Data for review

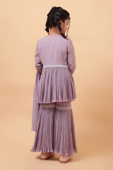 Lilac peplum kurta featuring embroidered unicorn motifs with cutdana and beads. Paired with a pleated sharara and coordinating dupatta adorned with pearl drop tassels.
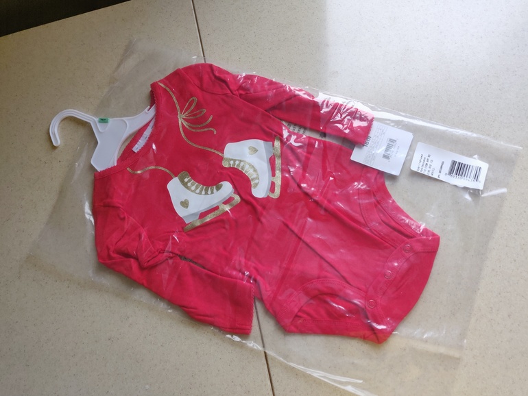 Бодик с коньками - 245 р. Кстати, обратите внимание, как классно все пришло упаковано! Каждая вещь в отдельном ПЛОТНОМ пакете-чехле, вешалки в отличие от той же мазекеи, никто с одежды не снимает. Как-то прям приятно...
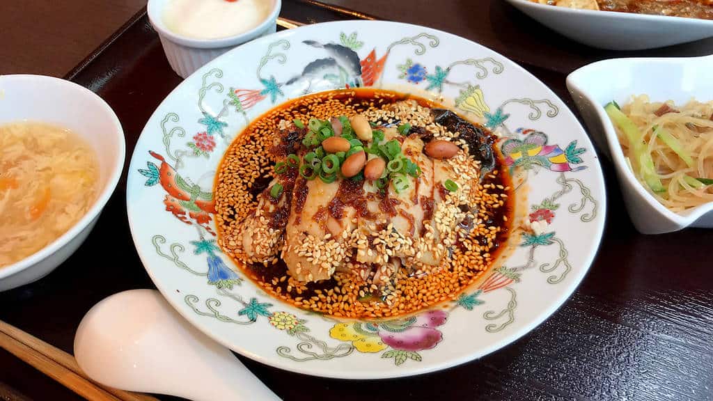 Yodare Tori Lunch Set (วันธรรมดา 1,200 เยน) เซ็ตอาหารจีนเสฉวนเมนูขึ้นชื่อของทางร้านที่หมักไก่ด้วยน้ำสมสายชูดำกับน้ำมันพริกเผาพร้อมเครื่องเทศกว่า 15 ชนิด เสิร์ฟพร้อมซุป, ข้าวสวย และจานเรียกน้ำย่อย ถือเป็นจานเด็ดแบบพรีเมียมที่หารับประทานได้ยาก
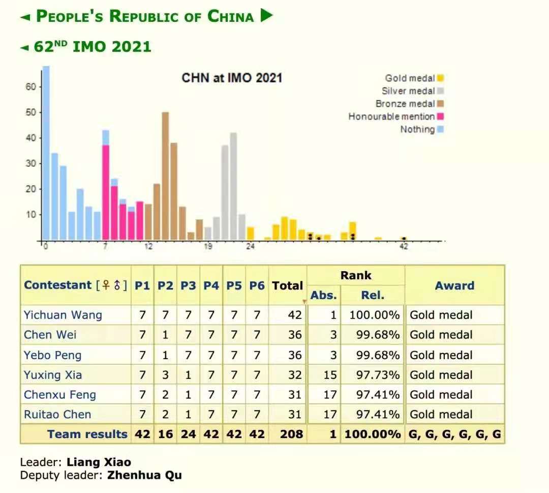 第62届IMO中国国家队成绩单
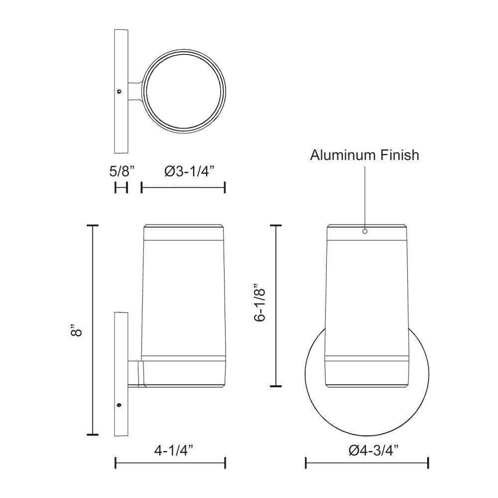 Kuzco Lighting Inc. VARO EW64508-BK Exterior Transitional - Black. Architectural Exterior Wall Sconce Die Cast Cylindrical Aluminum Body With Frosted Diffuser Enclosed Inside Glass Pc Cover To Radiate Light Around The Fixture Kuzco Lighting Inc. MPN: EW64508-BK
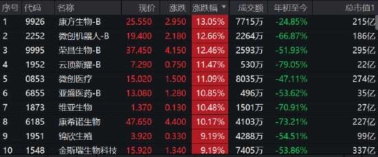 港股醫(yī)藥股持續(xù)走高,康方生物漲13%,微創(chuàng)機(jī)器人(300024)、榮昌生物漲超12%,云頂新耀、微創(chuàng)醫(yī)療漲超11%,亞盛醫(yī)藥、康希諾生物漲超10%,藥明康德(603259)漲超9%。
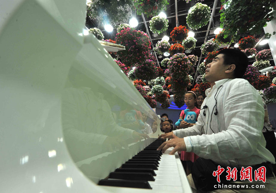 5月4日是上海世博會(huì)第四天,盲人鋼琴家孫巖在生命陽光館專設(shè)區(qū)域?yàn)楸姸鄽埣踩撕陀^眾演奏,導(dǎo)盲犬靜臥在他的腳邊,這是世博會(huì)歷史上第一次為殘疾人設(shè)館。孫巖2005年獲得“日本橫濱第一屆國(guó)際殘疾人鋼琴比賽”金獎(jiǎng),他是中央音樂學(xué)院有史以來第一位盲人大學(xué)生和研究生。他的傾情演奏感動(dòng)全場(chǎng),掌聲連連。中新社發(fā) 賈國(guó)榮 攝
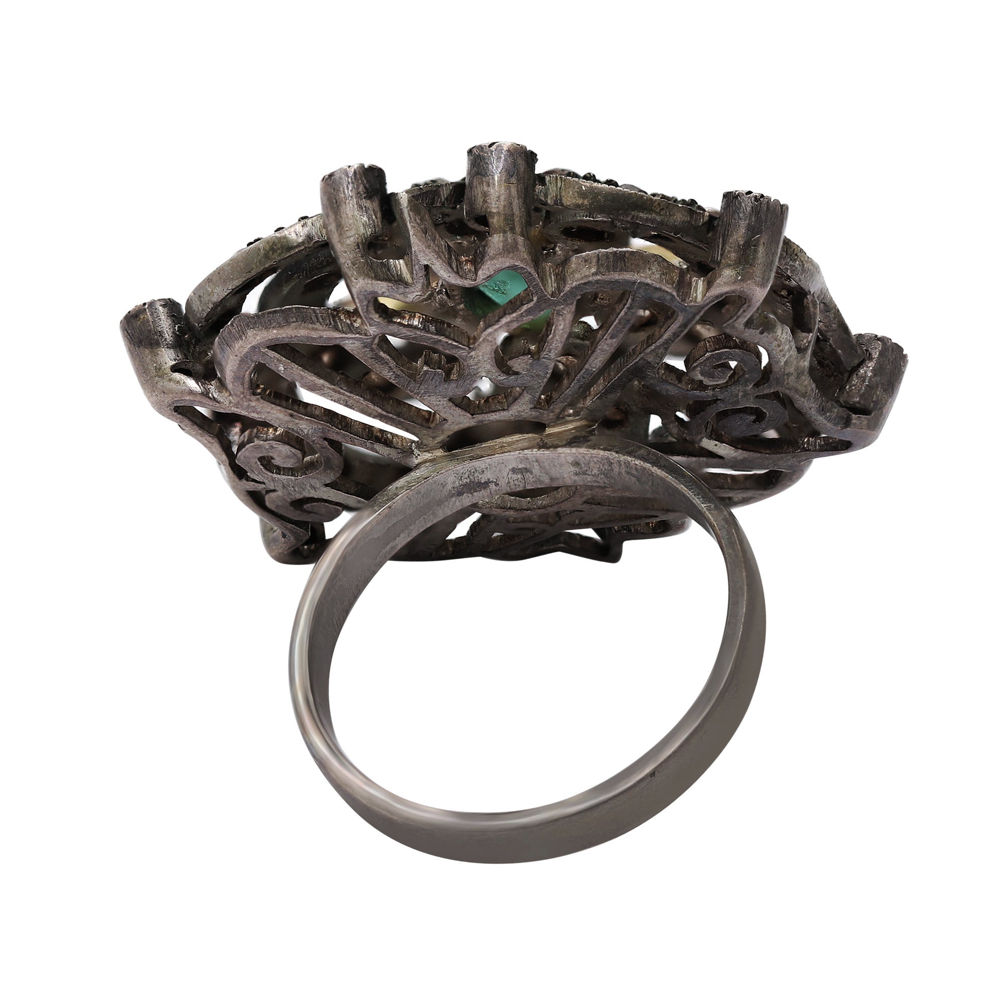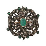 Natural Emerald Gemstone and Diamond 925 Sterling Silver Gold Plated Black Rhodium Ring
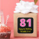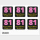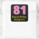 Pegatina Cuadrada Fun Pink Stripes "81": Feliz cumpleaños número 81
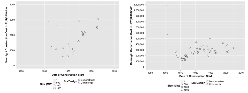 Majoritatea țărilor prezintă un model similar de creștere a costurilor în anii 1980, după care costurile se stabilizează. Singura țară în care costurile de construcție par să fi scăzut constant este Coreea de Sud. Situația excepțională a Coreei de Sud i-a determinat pe unii experți să speculeze că datele privind costurile ar putea să nu fie de încredere.
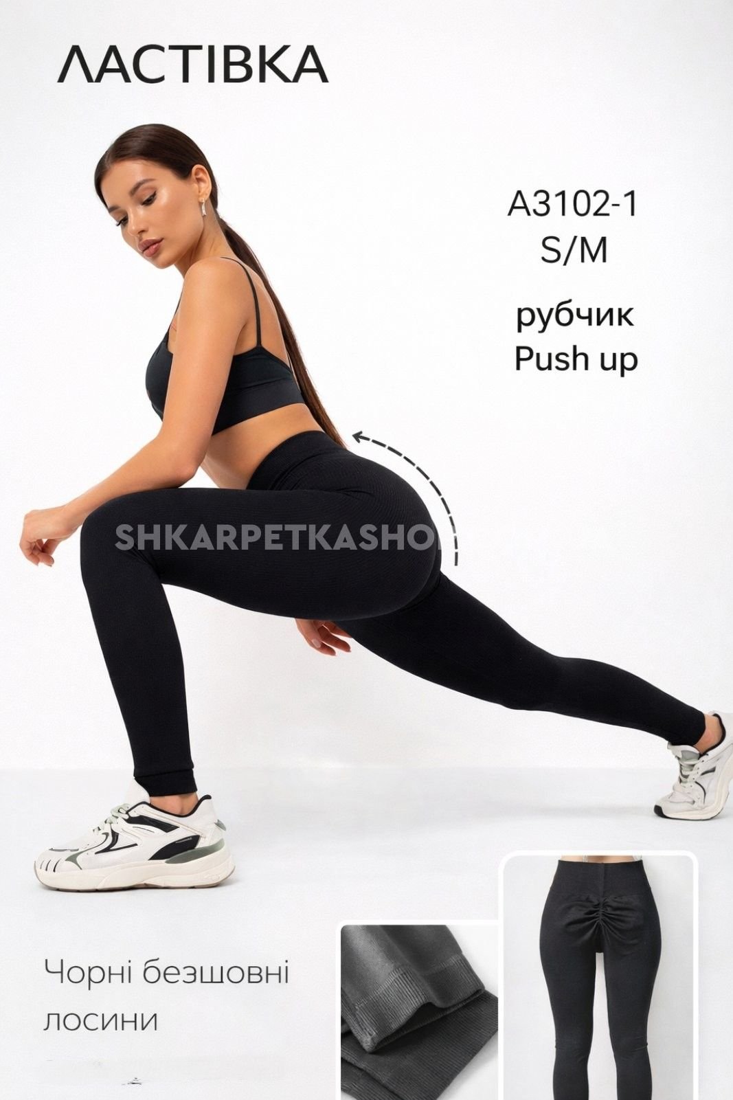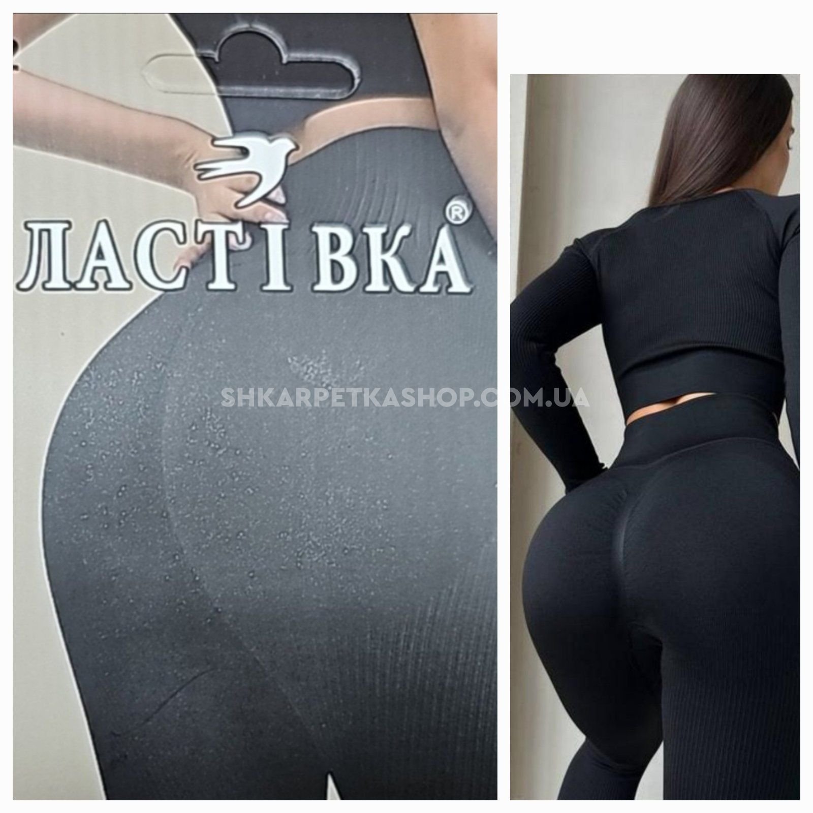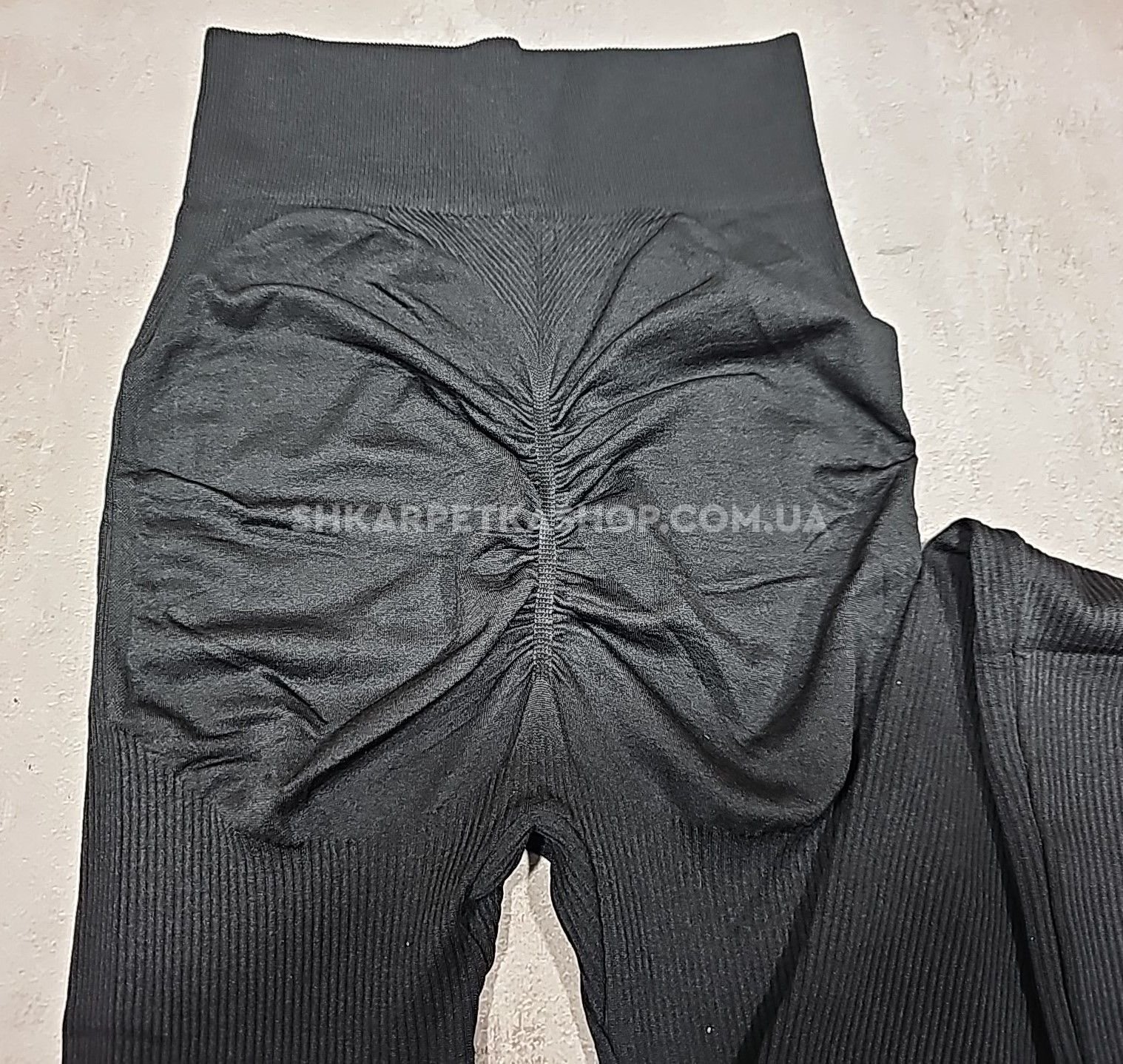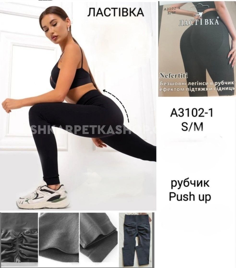 Лосини "Ластівка" 3102-1 безшовні еластичні в рубчик з ефектом пуш-ап (Push-up) та з підтримкою сідниць +широкий пояс, р. S/M-(48-52) -(чорні)
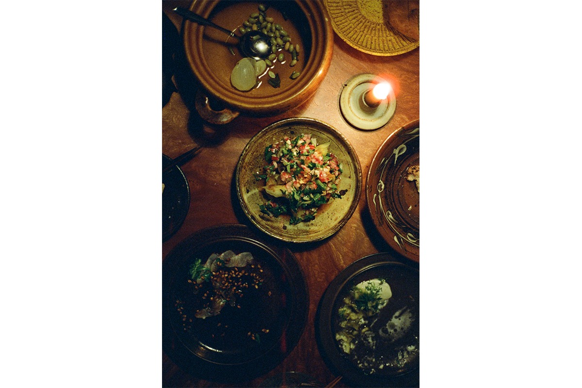 地元農家や漁師らから直接仕入れた旬の食材を使い、その可能性を最大限引き出すべく季節毎にメニューも再構築していていく一方、瀬戸内産のフレッシュチーズと焦がし塩レモン、ローズマリーとレモンの長時間発酵フォカッチャ、醤油粕のカルパッチョなど、一年を通して提供する定番メニューも提供する。
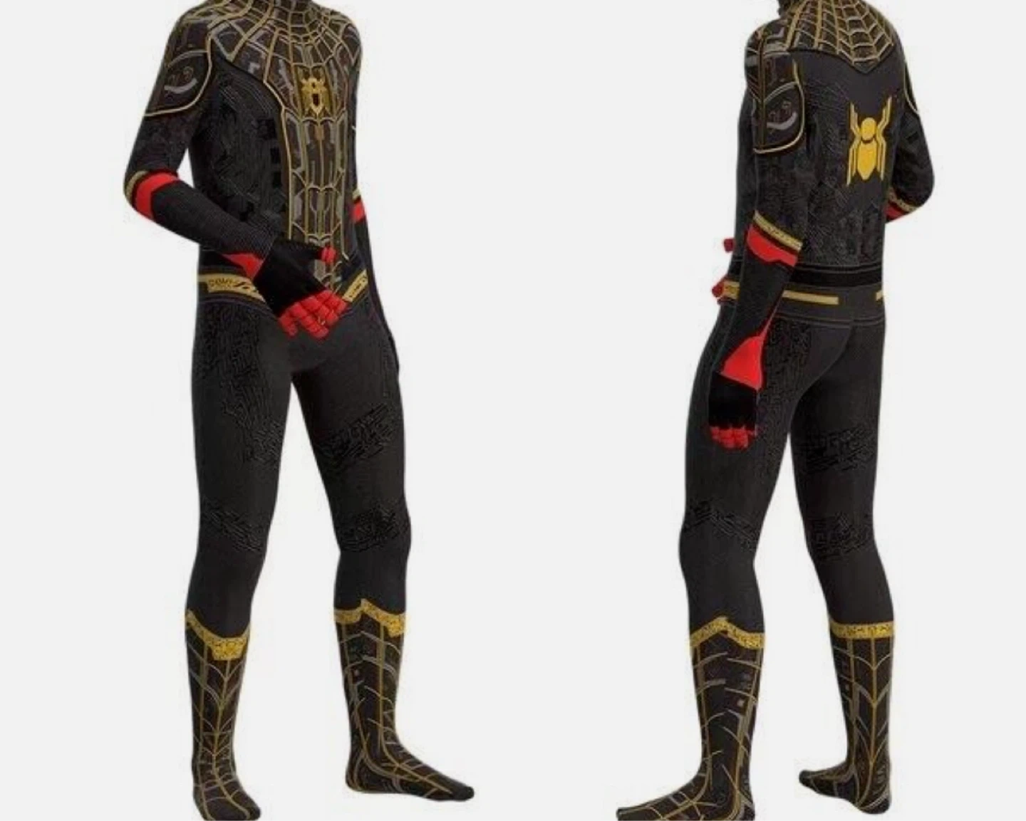 Selling a Spider-Man black and gold suit costume! This cool suit features a detailed web pattern with gold accents and a red mask. Perfect for any Spider-Man fan or costume party! Size boys 18 or 170 pls see size chart provided in photos Layed flat it’s 58” long Meet up and cash only pls Meet up is in Nobleton
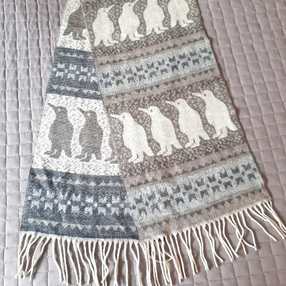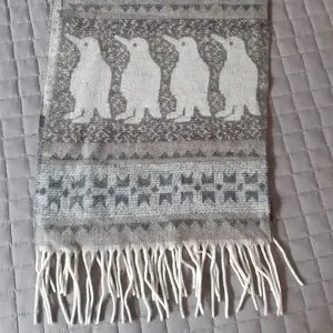 Scarf with fun penguin pattern.
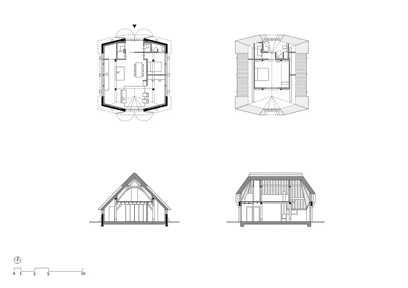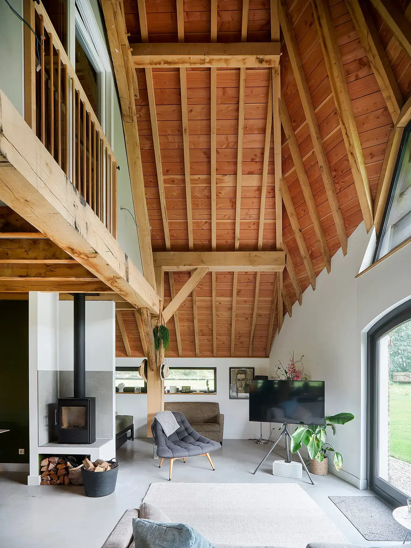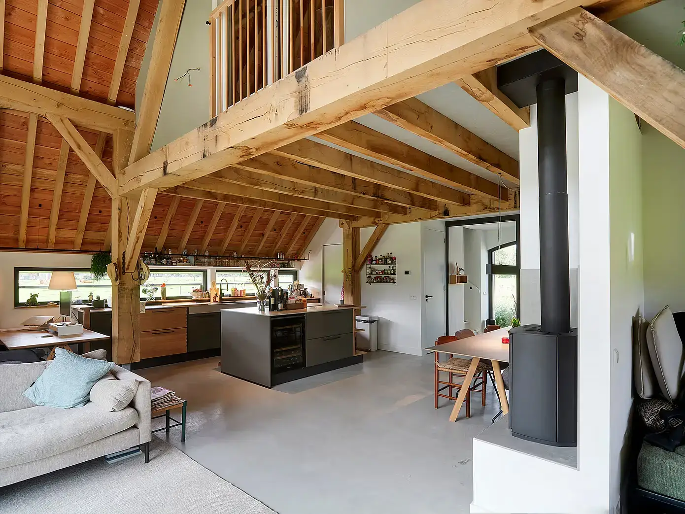 Hilberinkbosch Architecten wykorzystali nowoczesne techniki budowlane, aby przekształcić owczarnię, jednocześnie szanując jej tradycyjny kształt. Wnętrze domu jest teraz pełne światła, dzięki dużym przeszklonym otworom i drewnianym listwom, które zdobią elewację. Dawne drzwi stajni zostały przekształcone w rozległe okna, które harmonijnie łączą przeszłość z nowoczesną estetyką. Wewnątrz rustykalna konstrukcja z drewna nadaje wnętrzu ciepła i otwartości, a starannie zaprojektowane przestrzenie, w tym sypialnia i łazienka, znajdują się między historycznymi kratownicami, co pozwala zachować przestronność oryginalnej owczarni.

Task directions
Return exactly the lines from the line with "Selling a Spider-Man" through the last line of the data above, both included; pictures do not go in the answer.

Answer to the exercise
 Selling a Spider-Man black and gold suit costume! This cool suit features a detailed web pattern with gold accents and a red mask. Perfect for any Spider-Man fan or costume party! Size boys 18 or 170 pls see size chart provided in photos Layed flat it’s 58” long Meet up and cash only pls Meet up is in Nobleton
 Scarf with fun penguin pattern.
 Hilberinkbosch Architecten wykorzystali nowoczesne techniki budowlane, aby przekształcić owczarnię, jednocześnie szanując jej tradycyjny kształt. Wnętrze domu jest teraz pełne światła, dzięki dużym przeszklonym otworom i drewnianym listwom, które zdobią elewację. Dawne drzwi stajni zostały przekształcone w rozległe okna, które harmonijnie łączą przeszłość z nowoczesną estetyką. Wewnątrz rustykalna konstrukcja z drewna nadaje wnętrzu ciepła i otwartości, a starannie zaprojektowane przestrzenie, w tym sypialnia i łazienka, znajdują się między historycznymi kratownicami, co pozwala zachować przestronność oryginalnej owczarni.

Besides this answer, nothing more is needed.